Cancer and the Nature of Life Series.

Friday 13 May 2022, Noon AZ and Pacific time.  Please join us!

Brief Abstract:  Cancer arises when mutations drive cells of the body to abandon their usual functions and to instead embark upon a “selfish” evolutionary program underpinned by abnormal growth. Most cancers exist only within the bodies of the hosts that spawn them; rarely, however, cancers can acquire adaptations allowing them to spread between individuals.
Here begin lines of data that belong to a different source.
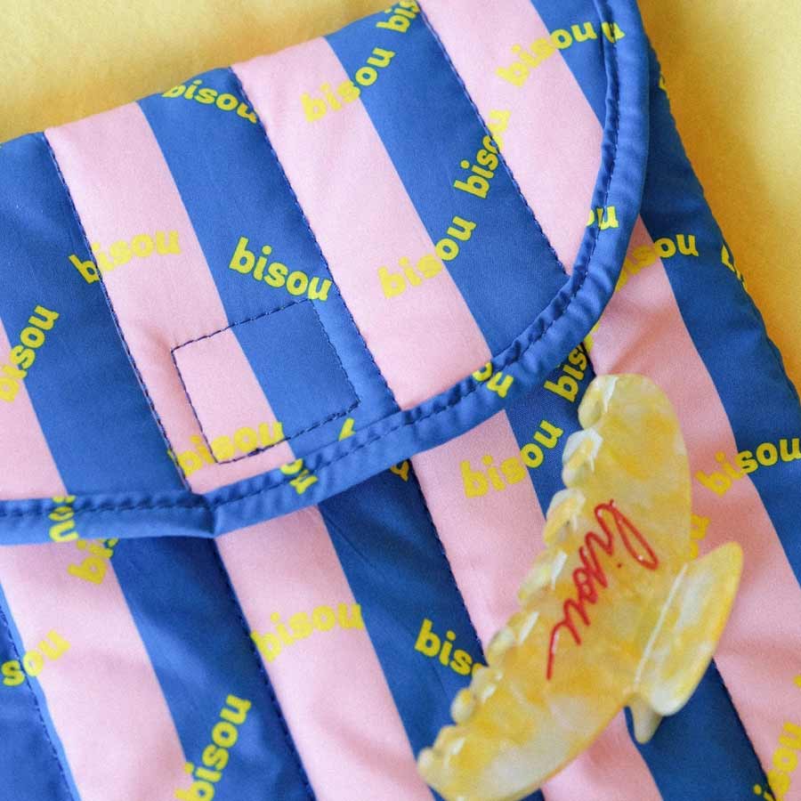 Cette housse rayée rose et bleu signée Mathilde Cabanas coche toutes les cases : fun, pratique, bien rembourrée, et surtout… impossible à louper.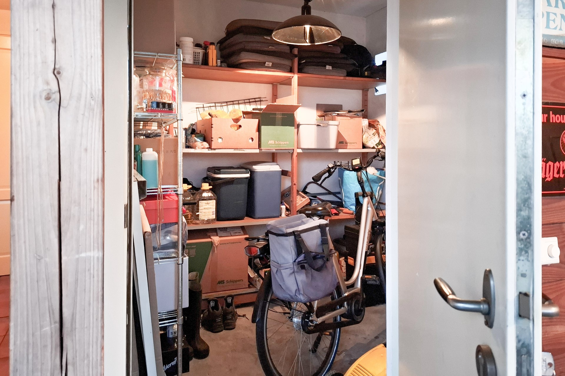 Via een vlizotrap op de overloop bereikbare bergzolder met steenharde verdiepingsvloer, klein dakraam, HR-combiketel, afzuiging en de omvormer van de zonnepanelen.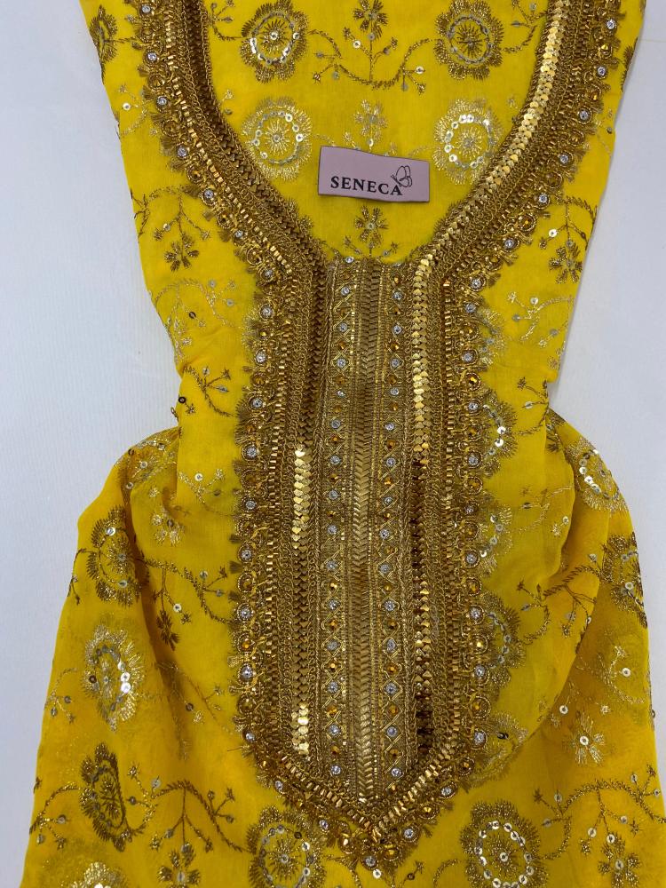 - مخور شيفون عماني مطرّز بالكامل مع لمسات فاخرة على الصدر والأكمام.
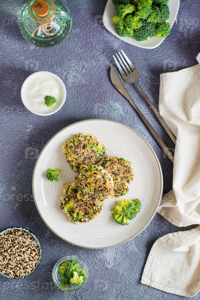 Жареные блины из киноа и брокколи на тарелке. Верхний и вертикальный вид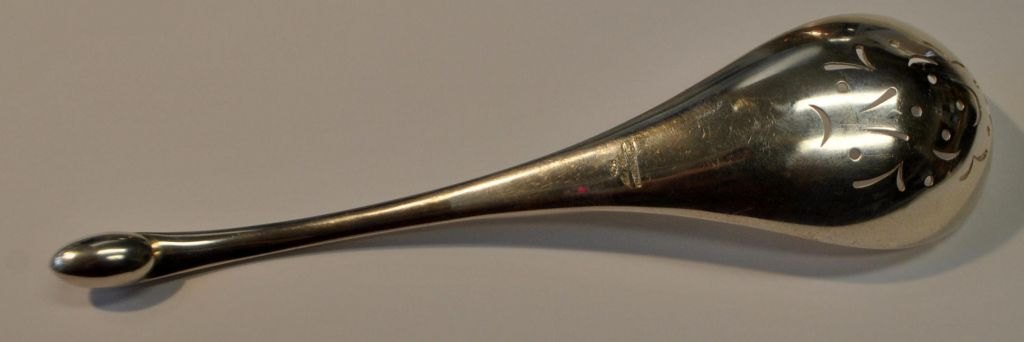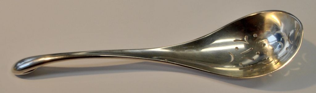 Hans Hansen sterling is ske, 20. årh. Kolding, Danmark. Med huldekorationer i laf. Stemplet: Hans Hansen 925 sterling Denmark. L. 17,5 cm. Vægt: 64 gram.Perfekt stand!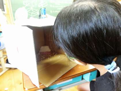 今日から図工では,「のぞいてみると」の学習をしています。箱の中に差し込んだ光から,さまざまな世界を想像して,その世界を箱の中に作り出します。「光が雪に見えるから雪の世界を作ろう。」「光を暗闇の中で光るスポットライトにしよう。」と,想像を膨らませながら作品を作っていました。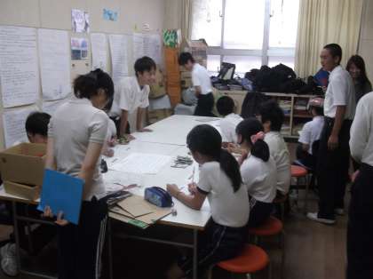 本日、美津島中学校・三津屋小学校・加島小学校合同の小中交流会、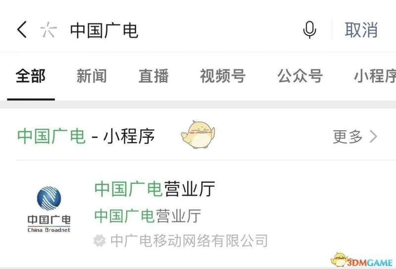 1、以微信小程序操作为例,搜索进入“中国广电营业厅”小程序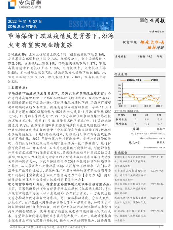 【安信证券】【20221127】环保及公用事业行业周报:市场煤价下跌及疫情反复背景下,沿海火电有望实现业绩复苏-15页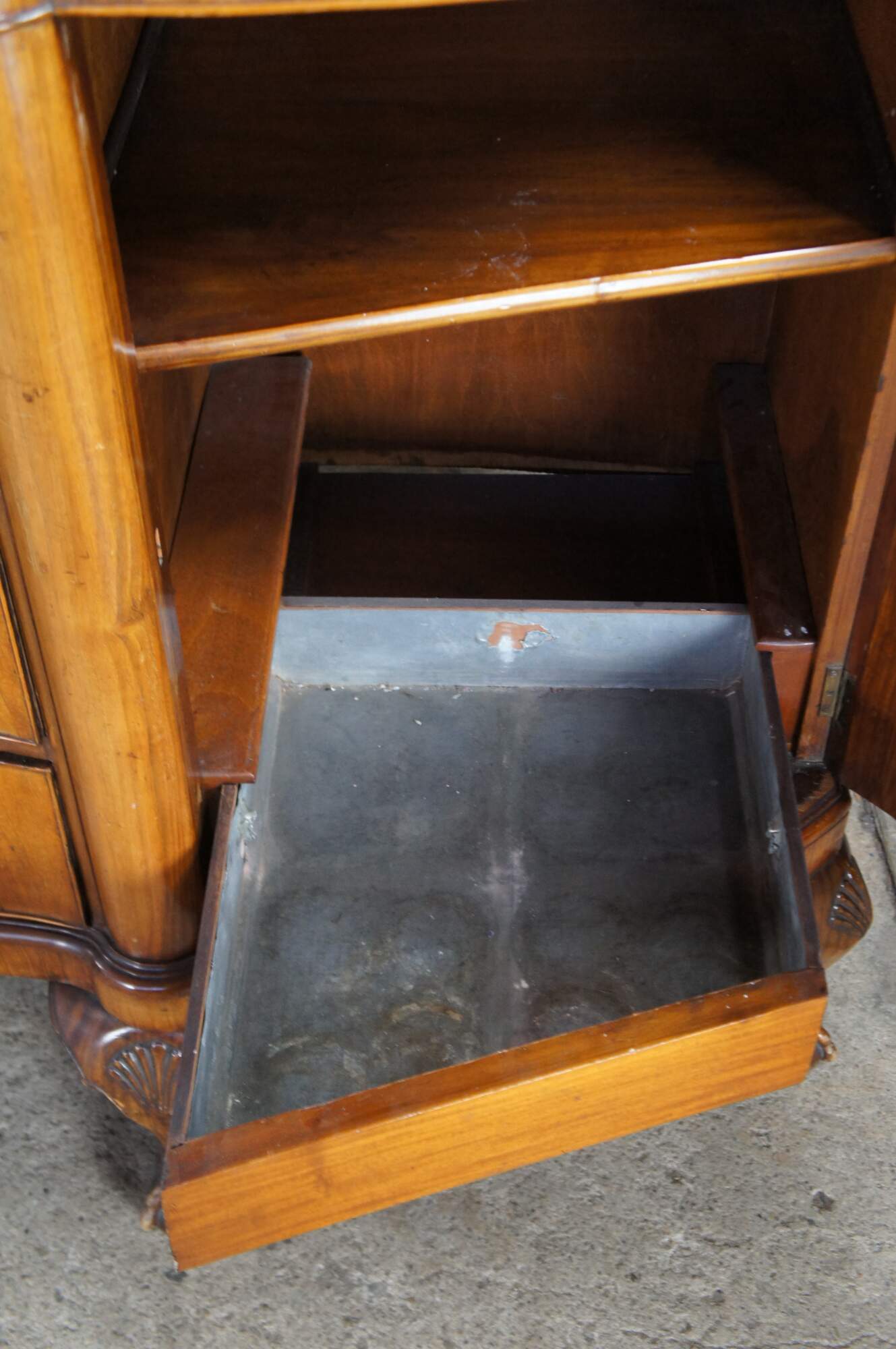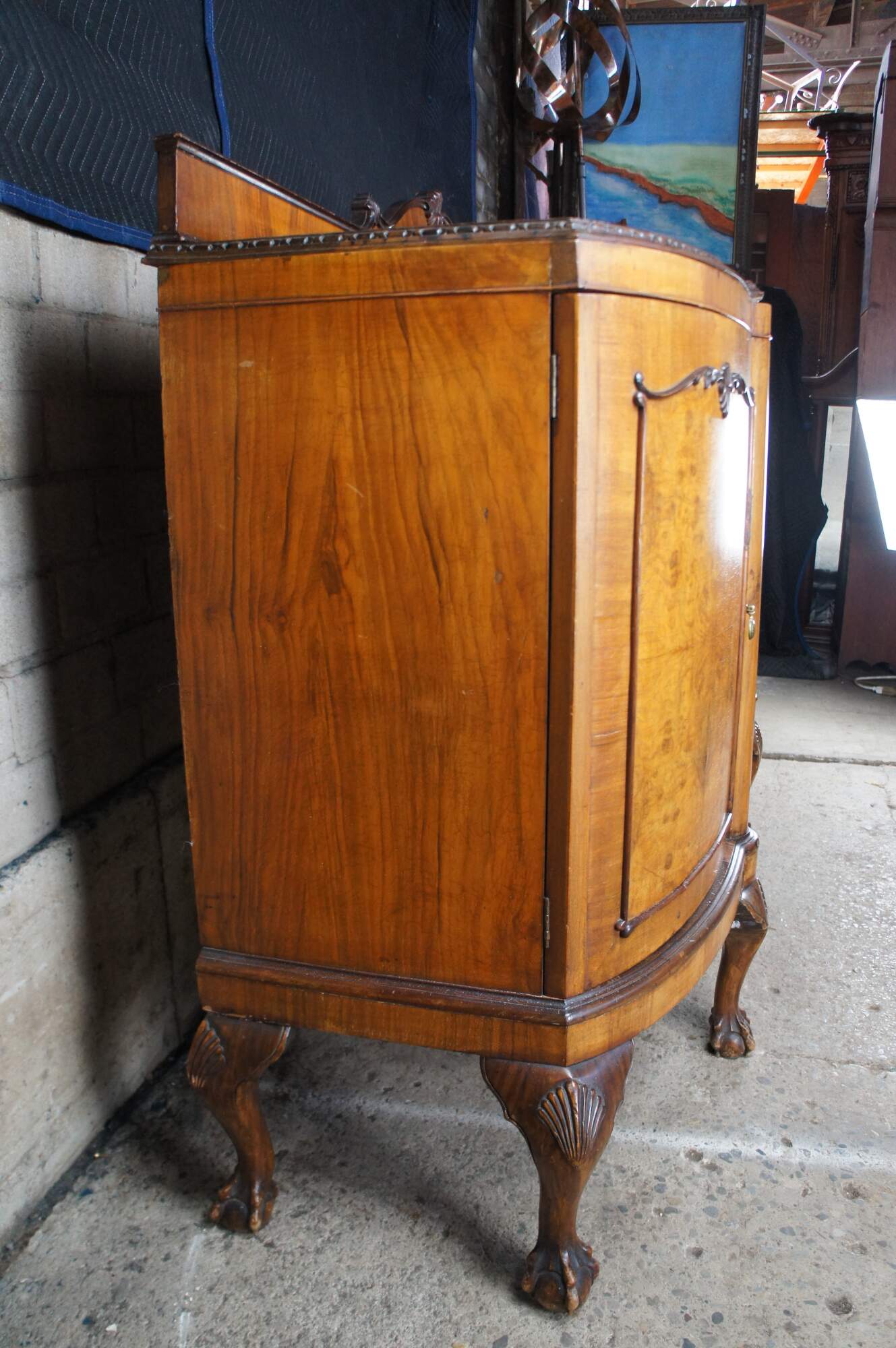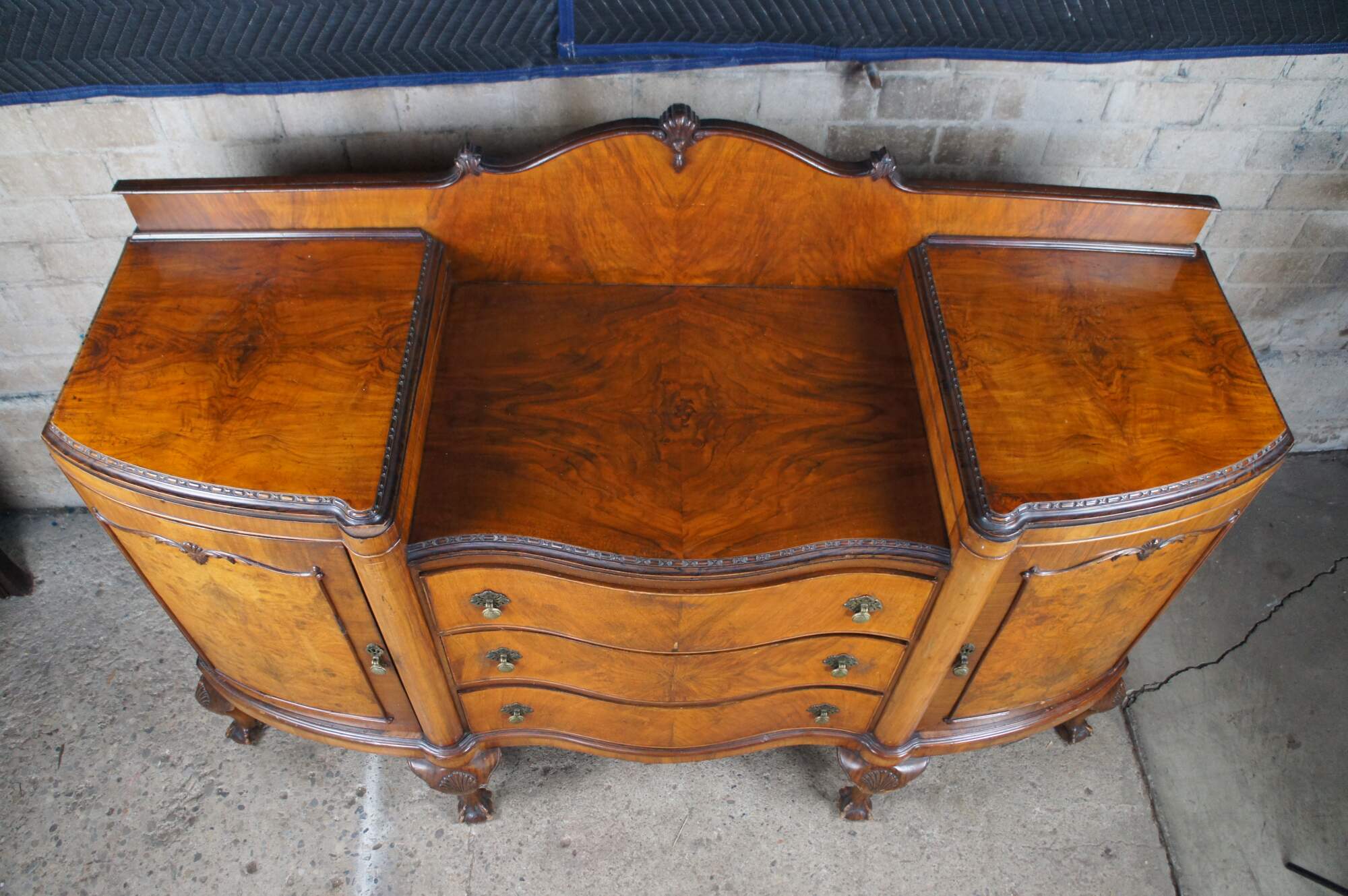 Sunning Antique English Chippendale style sideboard, circa 1870s. Features a serpentine form made from walnut with matchbook burl and crossbanding. The buffet showcases a camelback shaped backsplash infront of a dropwell with three hand dovetailed drawers, set between two outer cabinets for additional storage. Each outer cabinet has one shelf. The lower right side has a pullout drawer that was originally used as a Cellarette and shows shadows from the wine or spirits that were once housed there. Drawers and doors are fitted with ornate filigree brass hardware and round drop / knocker pulls. The case is supported by six cabriole legs with scalloped knees over ball and claw feet. A true work of craftmanship that will make a statement in any space.

In such transmissible cancers the cancer cells themselves become agents of infection. Elizabeth Murchison will discuss recent research on the origins and evolution of the naturally occurring mammalian transmissible cancers affecting dogs and Tasmanian devils.

Elizabeth Murchison is Professor of Comparative Oncology and Genetics at the University of Cambridge, in the Department of Veterinary Medicine. where she leads a team studying transmissible cancer in dogs and Tasmanian devils. In fact, Liz discovered that the cancer raging through the population in Tasmania didn’t come from the body of the affected animals but originated in a different individual – a huge surprise to everyone!

Amy Boddy, from the University of California Santa Barbara, is a researcher in ACE and a human biologist and evolutionary theorist.  Amy uses approaches from disciplines such as comparative biology and genomics to apply evolutionary and ecological theory to human health and diseases, including cancer.